À un rythme quasi-mensuel, M. Konno parcourt plus de 100 kilomètres entre son logement d'évacuation et son ancienne ville natale, dans la préfecture de Fukushima. Cet homme de 77 ans dirige la communauté d'Akogi, l'une des zones les plus contaminées dans laquelle le retour a été qualifié de « difficile » par le gouvernement.
Chaque visite nécessite donc une autorisation gouvernementale et il n'est pas autorisé à passer la nuit sur place.
M. Konno s'est fixé pour mission d’informer les résidents déplacés sur les niveaux de radiation, dans leurs voisinages. Dosimètre en main, il visite chacun des 80 foyers concernés et communique les relevés aux propriétaires.
Les relevés varient fortement d'une maison à l'autre, mais la plupart sont encore trop élevés pour que le gouvernement lève l'ordre d'évacuation.
« Un grand nombre de personnes s'inquiètent pour leur maison », explique M. Konno. « Je réalise que les informer sur les niveaux de radiation ne leur donnera pas la tranquillité d'esprit, mais j’estime qu'il vaut mieux savoir qu’ignorer. »
L' « espace vide »
Certaines parties des zones « au retour difficile » ont été déclarées « bases de reconstruction » et subissent des travaux de décontamination. Le gouvernement compte lever les ordres d'évacuation de ces zones cette année, ou l'année prochaine. En d’autres endroits, cependant, très peu de progrès sont enregistrés. Par dérision, les riverains qualifient ces zones « d’espaces vides ». Le district de M. Konno en fait notamment partie.
L'année dernière, le gouvernement a fixé un nouvel objectif pour permettre aux gens de réintégrer ces « espaces vides » : la fin de la décennie en cours.
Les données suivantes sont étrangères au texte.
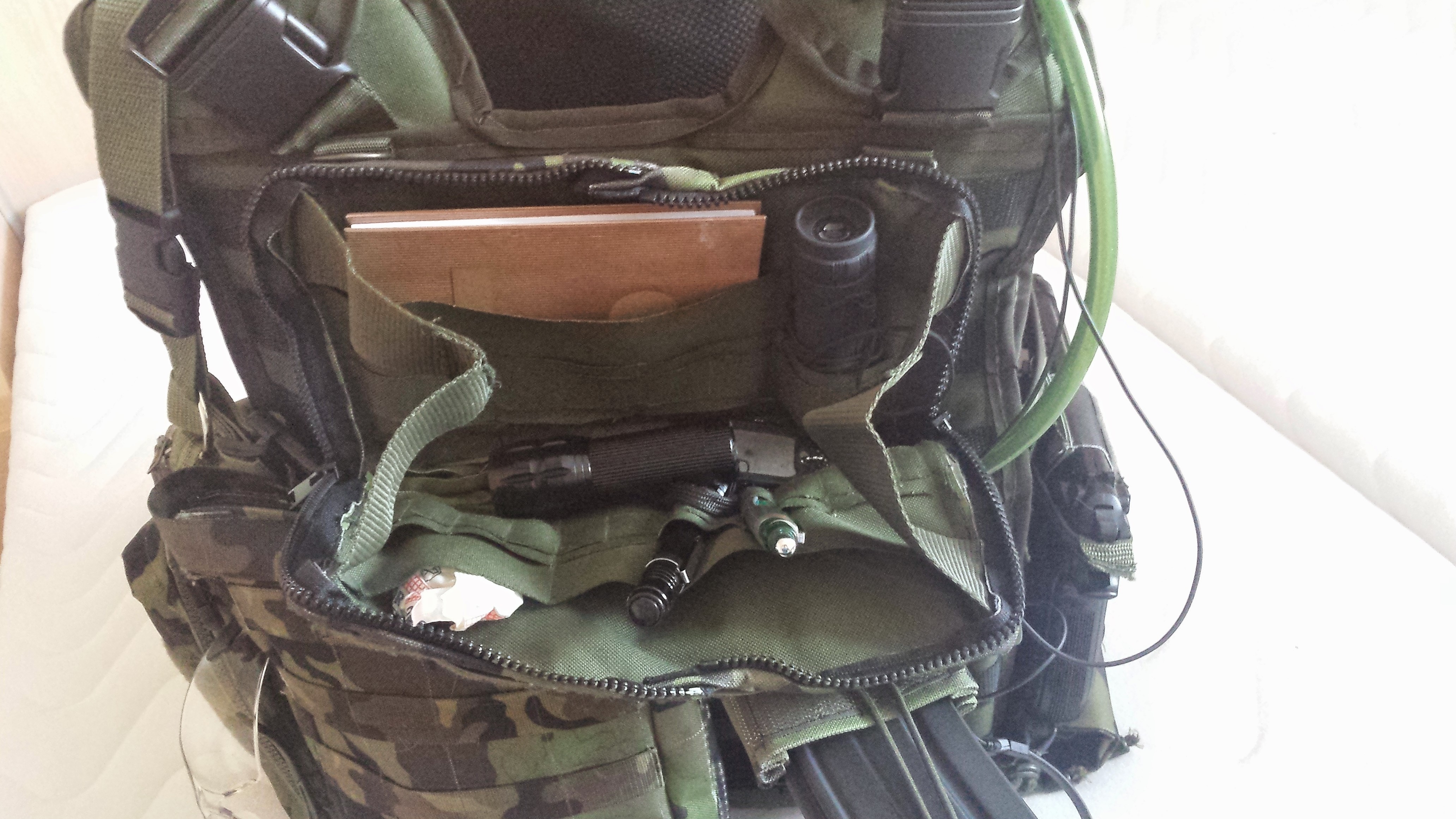 Tak jsme se na to vrhli a vesta je z 99% hotová... Celá vesta včetně všech sumek je dělaná na míru. Práce mraky, nervy v kýblu, ale nosí se luxusně a 100% vyhovuje.

Pour autant, même si l’échéance est respectée, les villes et les villages ne reviendront par forcément à la vie. Les autorités ne comptent décontaminer que les zones spécifiques dans lesquelles les gens prévoient de retourner, et les riverains déplacés craignent que les disparités consécutives ne leur permettent pas de s'y installer à nouveau.
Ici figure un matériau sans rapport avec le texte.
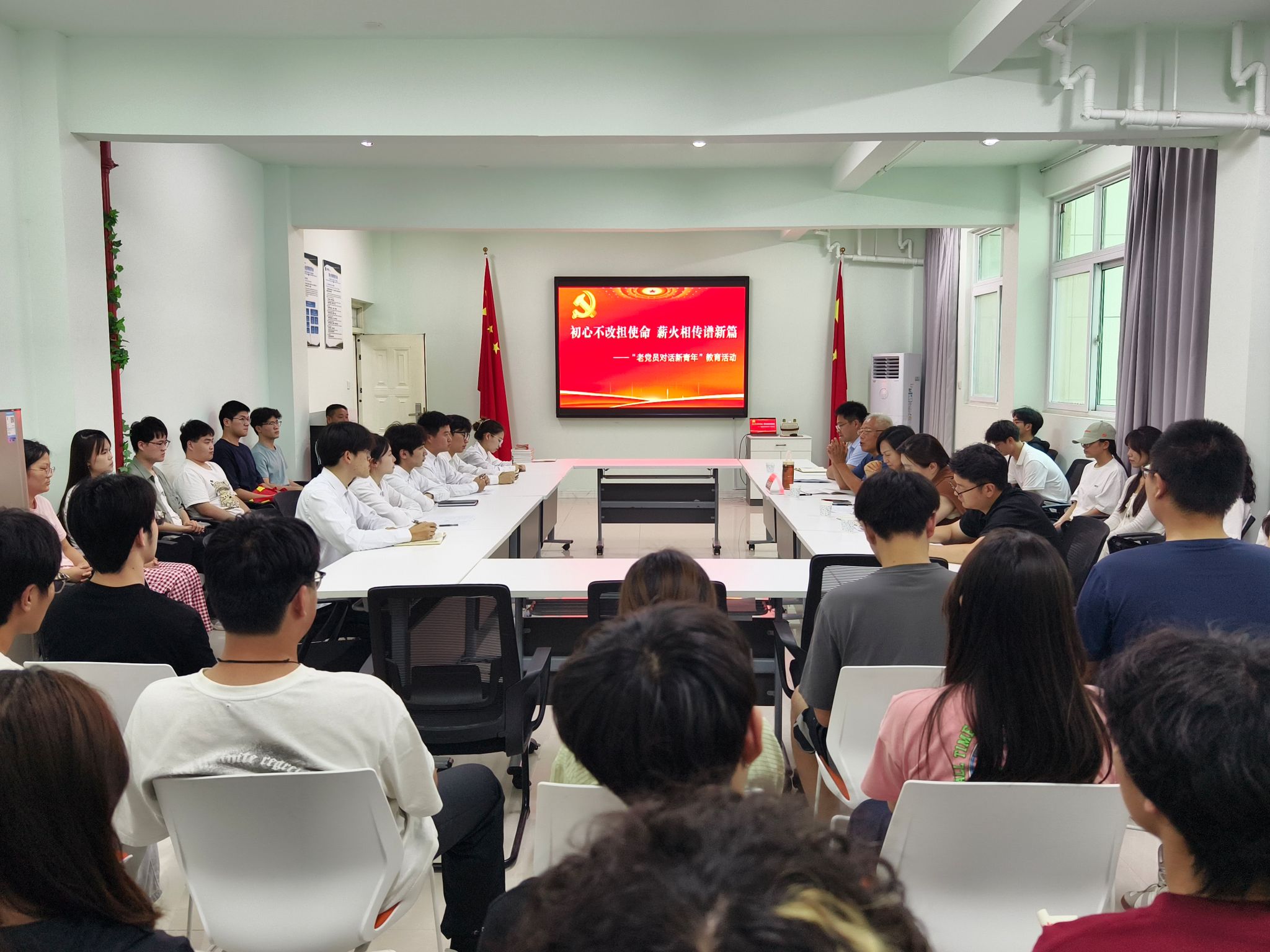 活动在一场跨越党龄与时代的对话中开启。53年党龄的老党员王长河同志围绕“牢记入党承诺、坚定信仰信念,做让党放心的党员、感党恩、听党话、跟党走,发奋学习、提升为人民服务的能力”三个方面,为与会人员生动诠释了党员的初心使命。他结合自身经历和人生感悟,勉励大家要把“全心全意为人民服务 ”的宗旨铭记在心,锐意进取、无私奉献,用实际行动践行入党誓言。他还引用三大战役的壮烈历史、张思德“为人民服务”的崇高精神、焦裕禄“亲民爱民”的公仆情怀等经典事例,激励青年一代赓续红色血脉,坚定理想信念。分享结束后,新老党员面对面就如何践行党员初心使命、锤炼党性进行了进一步的交流。

Documenter une ville natale
Dès après l'accident nucléaire, un officiel du gouvernement a tenu des propos qui hantent encore M. Konno :
« Si rien n'est fait, un retour à la normale ne sera peut-être pas possible avant une centaine d’années. »
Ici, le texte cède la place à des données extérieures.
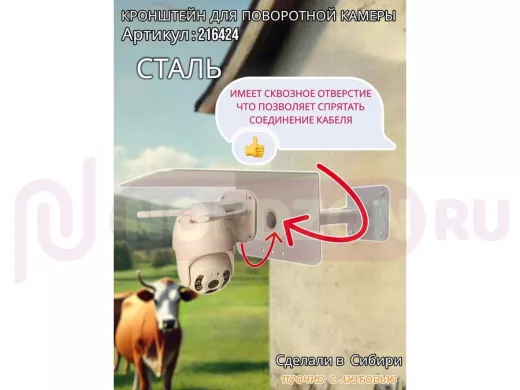 - Кронштейн для крепления видеокамеры к стене имеет сквозное отверстие от основания до козырька, что позволяет спрятать соединения кабеля, тем самым защищает их от внешних воздействий (дождь, снег, ветер) поэтому нет необходимости использовать дополнительный гермобокс, т.к. разъемы спрячутся в трубе.

Il craignait que la lenteur du gouvernement fasse tout simplement disparaître la ville des cartes - et des mémoires. C'est la raison pour laquelle, il y a huit ans, il a entamé le travail d’enregistrement de son district pour la postérité.
Il a commencé par rassembler les témoignages des résidents déplacés, y compris leurs expériences après l'accident nucléaire.
« Je voulais montrer mon travail à tout le monde, lorsqu’il serait terminé », nous explique M. Konno. « Mais certains sont déjà partis ».
Ayant invité d'autres habitants à explorer l'histoire d'Akogi, une chose découverte l'a incité à réfléchir.
La région a subi plusieurs famines suite à des catastrophes naturelles, la pire ayant eu lieu au XVIIIe siècle.
« Les gens ont survécu à ces famines », explique un des collègues chercheurs de M. Konno. « Mais personne n’est resté à Akogi depuis la catastrophe nucléaire. Je n’arrive pas à comprendre l’écart entre ces deux événements. C'est tout simplement absurde. »
Aux futurs descendants
M. Konno consignera ses recherches dans un livre, courant 2022. Plus de 700 pages de données de surveillance des radiations, des témoignages de résidents et l'histoire du district.
Il a choisi pour titre : « À nos descendants dans 100 ans ».
« Ma génération ne pourra peut-être pas retourner à domicile. Nous sommes maintenant trop âgés. Mais j'espère que nos descendants, les futurs lecteurs de cet ouvrage, reviendront dans notre belle région pour à nouveau en cultiver la terre. »
Les bourgeons des pruniers annoncent le printemps. M. Konno espère que ses chroniques ouvriront un nouveau chapitre de l'histoire d'Akogi.